• _TASK INSTRUCTIONS_
There should be no pictures in your answer, only an exact copy of the lines from the one with "Antique Black Over" through the end of the material.

• _PROVIDED MATERIAL_

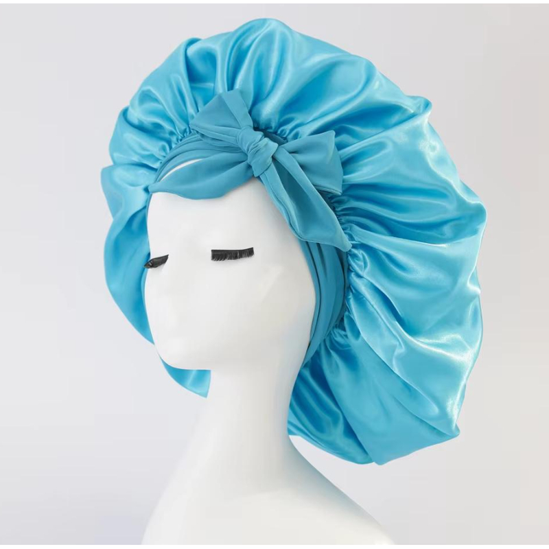 Satin Ribbon Round Bow Elastic Nightcap Single layer ribbon deep blue Free Size
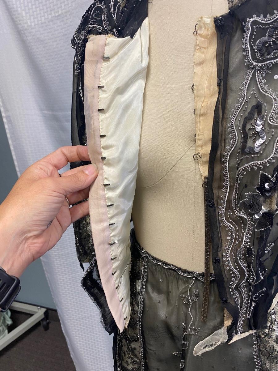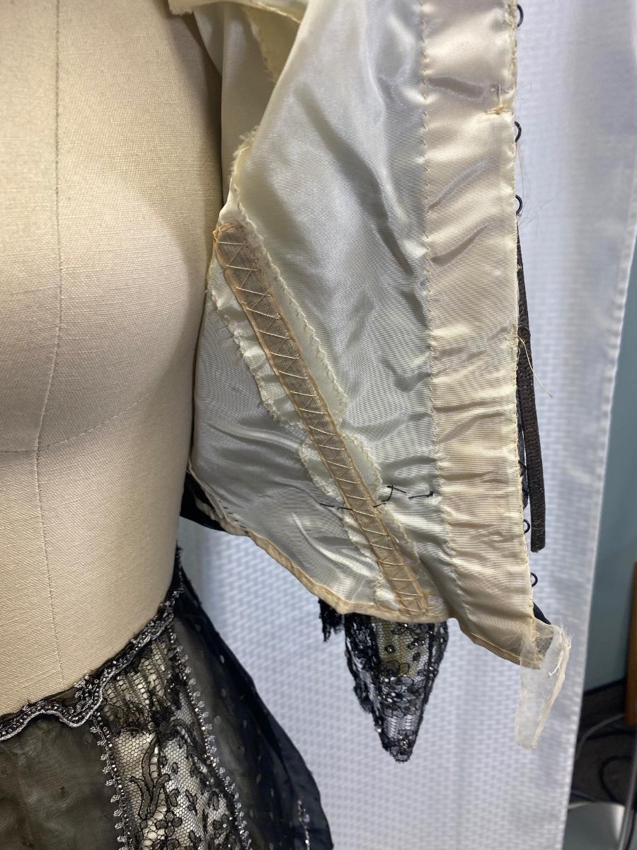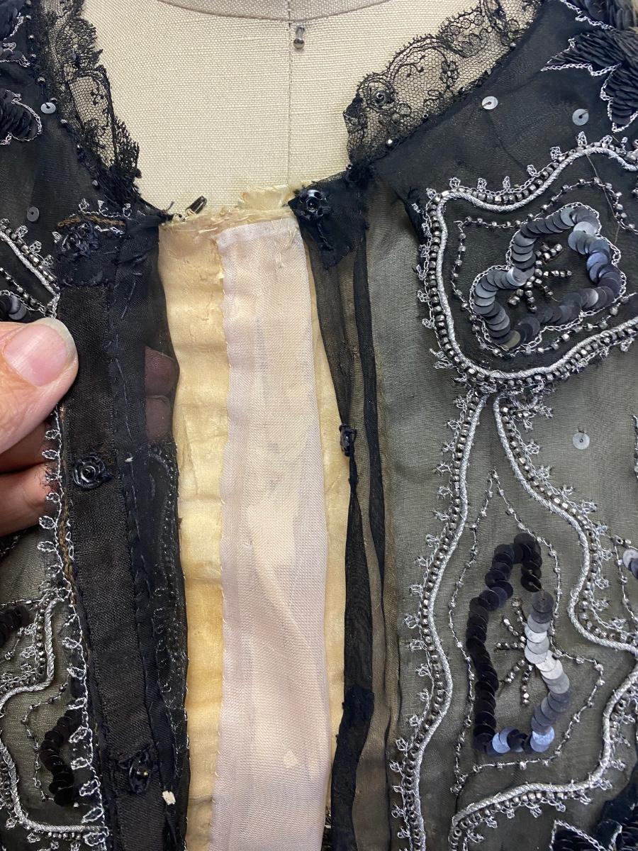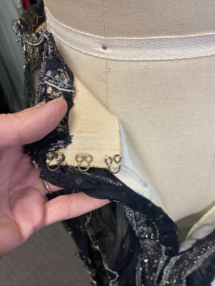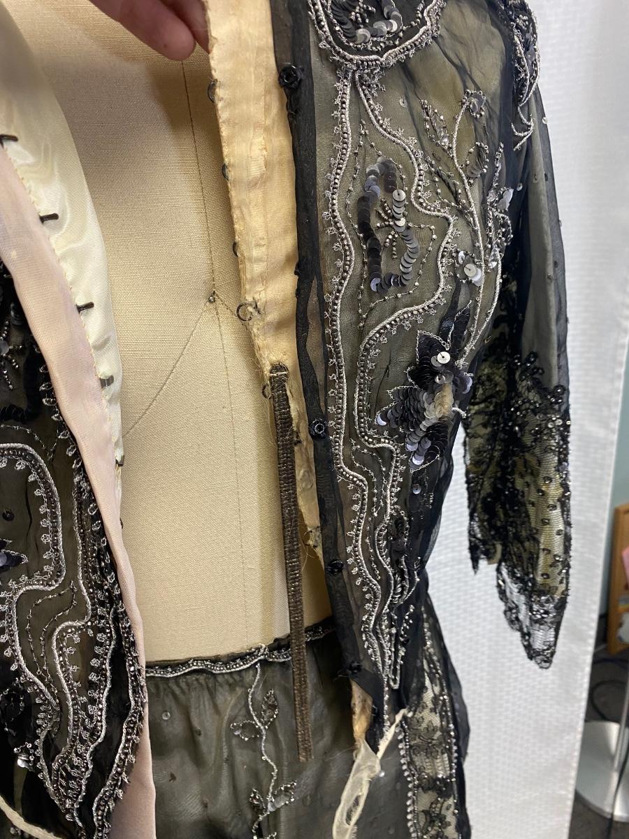Antique Black Over White Embroidered Sequined Two Piece Gothic Victorian Dress Skirt Blouse. Beautifully done sequined floral embroidery. Lace details. Sheer black over white makes it visually stunning. There is some wear as expected with the antique age. Hook and eye closure with fully boned bodice. About a size 8.
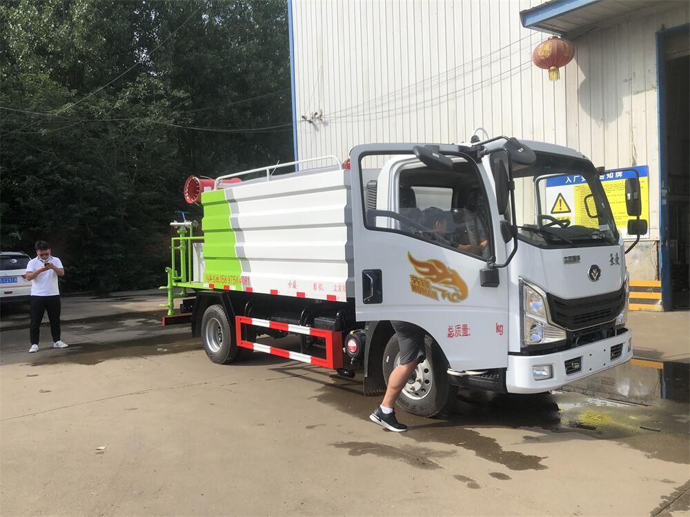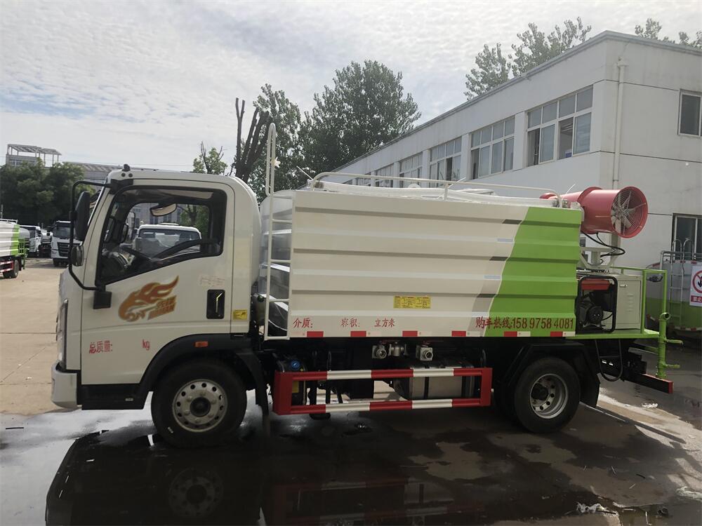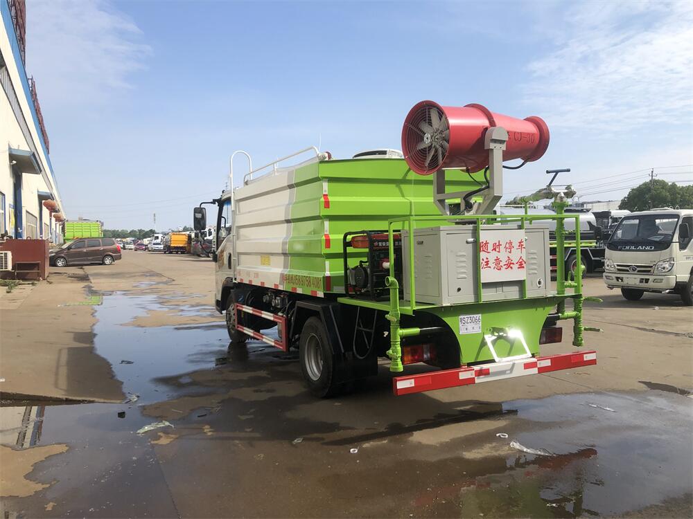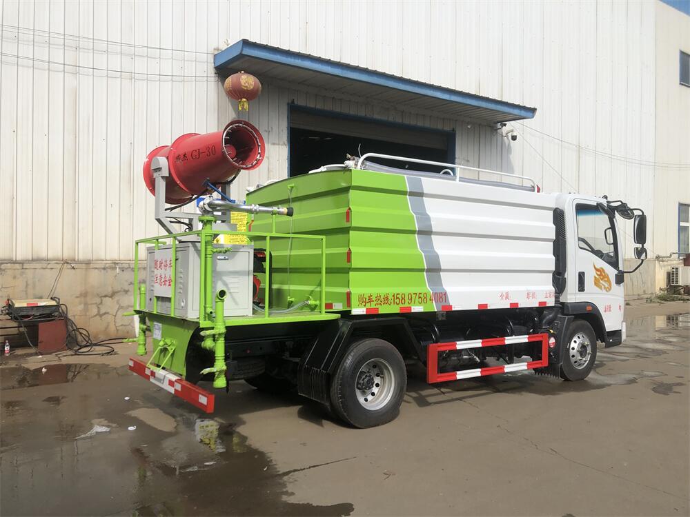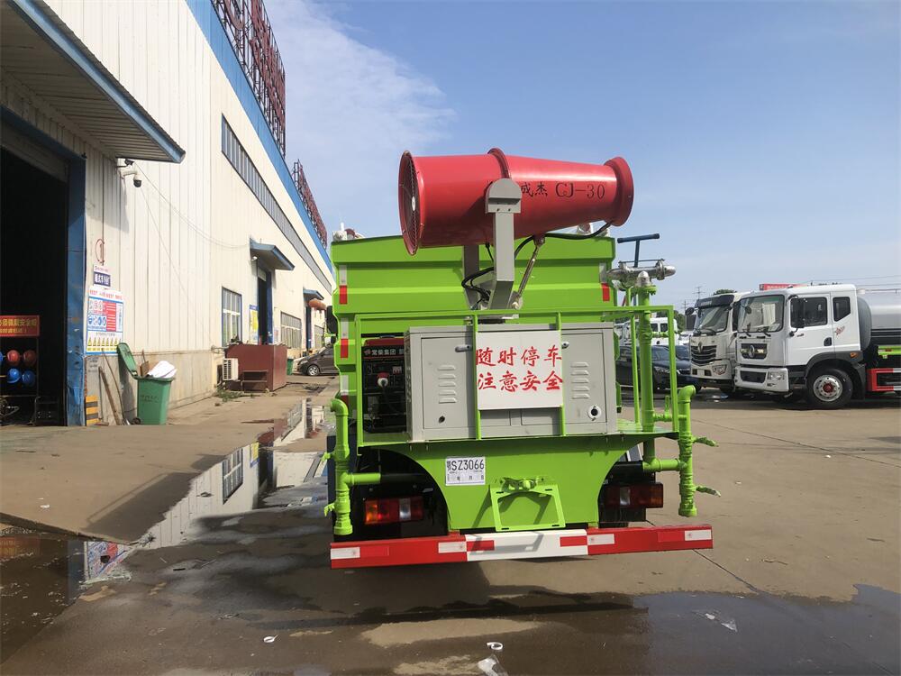 上裝配置:罐體容積為 5-7立方,選配風(fēng)送式霧炮機組射程30米、40米、50米、60米、80米、100米、120米霧炮,罐體鋼板為4mm碳鋼Q235材質(zhì),罐內(nèi)隔板具有防波作用,以減輕汽車行駛時罐體液體沖擊,罐體及整車外形尺寸按照公告。帶大功率專用灑水泵,泵可自吸自排,整車前沖、后灑、側(cè)噴、帶65消防接口,后平臺配CLW-50、CLW-60、CLW-80、CLW-100、CLW-120型風(fēng)送式霧炮機組;罐體前封頭配大功率柴油發(fā)電機組;前封頭帶水位計,后平臺主管路帶1寸澆花接口,后爬梯。帶兩根輸水管及陰陽端。罐體顏色:銀/灰/綠,罐體兩側(cè)噴“多功能抑塵車”字樣,貼反光標(biāo)示。
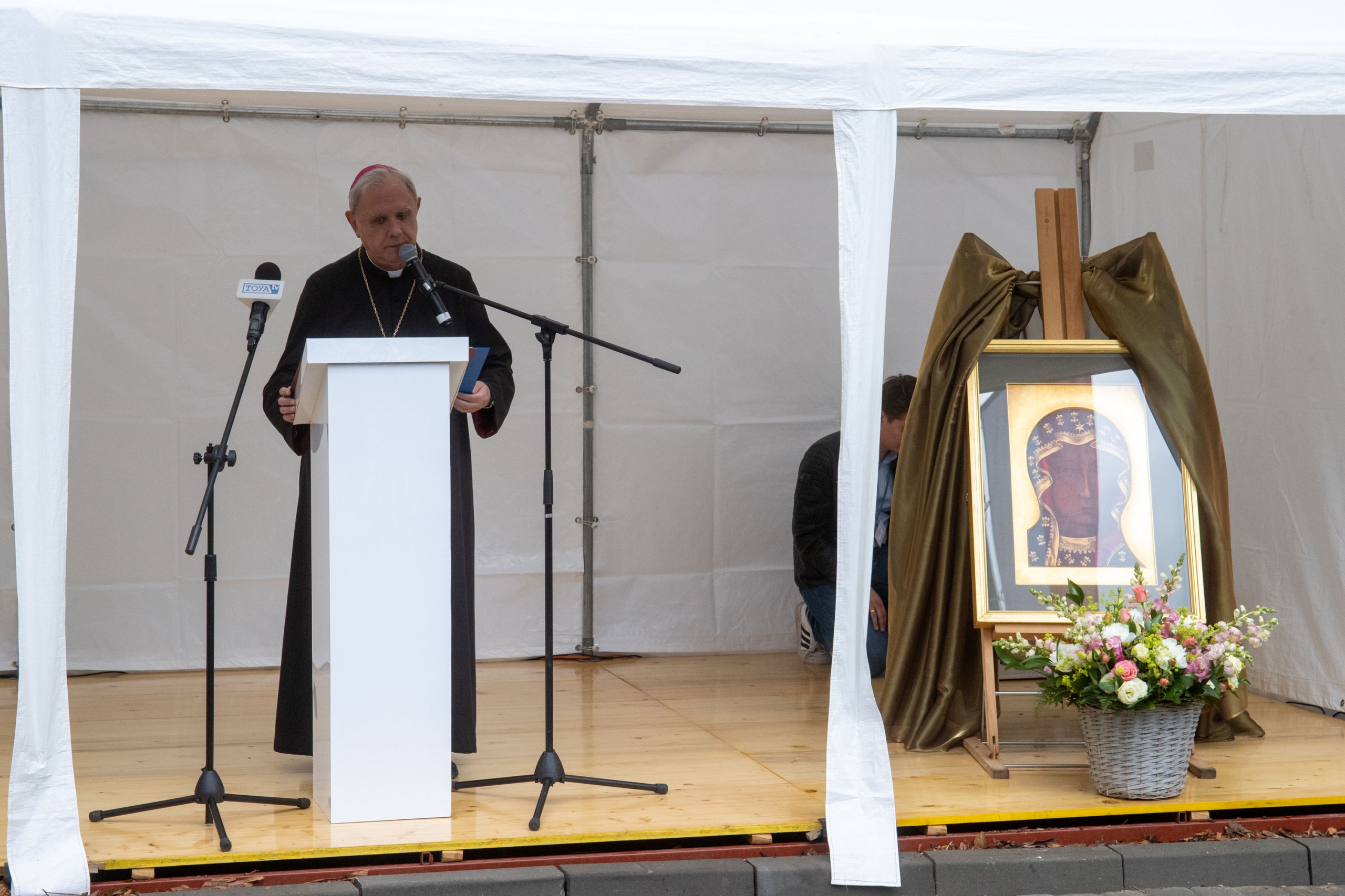 Przed poświeceniem szpitala - którego dokonał bp Ireneusz Pękalski - odsłonięto obraz z wizerunkiem Matki Boskiej Częstochowskiej, który zawisł przy wejściu do nowego budynku.

• _ANSWER FOR THE TASK_
Antique Black Over White Embroidered Sequined Two Piece Gothic Victorian Dress Skirt Blouse. Beautifully done sequined floral embroidery. Lace details. Sheer black over white makes it visually stunning. There is some wear as expected with the antique age. Hook and eye closure with fully boned bodice. About a size 8.
 上裝配置:罐體容積為 5-7立方,選配風(fēng)送式霧炮機組射程30米、40米、50米、60米、80米、100米、120米霧炮,罐體鋼板為4mm碳鋼Q235材質(zhì),罐內(nèi)隔板具有防波作用,以減輕汽車行駛時罐體液體沖擊,罐體及整車外形尺寸按照公告。帶大功率專用灑水泵,泵可自吸自排,整車前沖、后灑、側(cè)噴、帶65消防接口,后平臺配CLW-50、CLW-60、CLW-80、CLW-100、CLW-120型風(fēng)送式霧炮機組;罐體前封頭配大功率柴油發(fā)電機組;前封頭帶水位計,后平臺主管路帶1寸澆花接口,后爬梯。帶兩根輸水管及陰陽端。罐體顏色:銀/灰/綠,罐體兩側(cè)噴“多功能抑塵車”字樣,貼反光標(biāo)示。
 Przed poświeceniem szpitala - którego dokonał bp Ireneusz Pękalski - odsłonięto obraz z wizerunkiem Matki Boskiej Częstochowskiej, który zawisł przy wejściu do nowego budynku.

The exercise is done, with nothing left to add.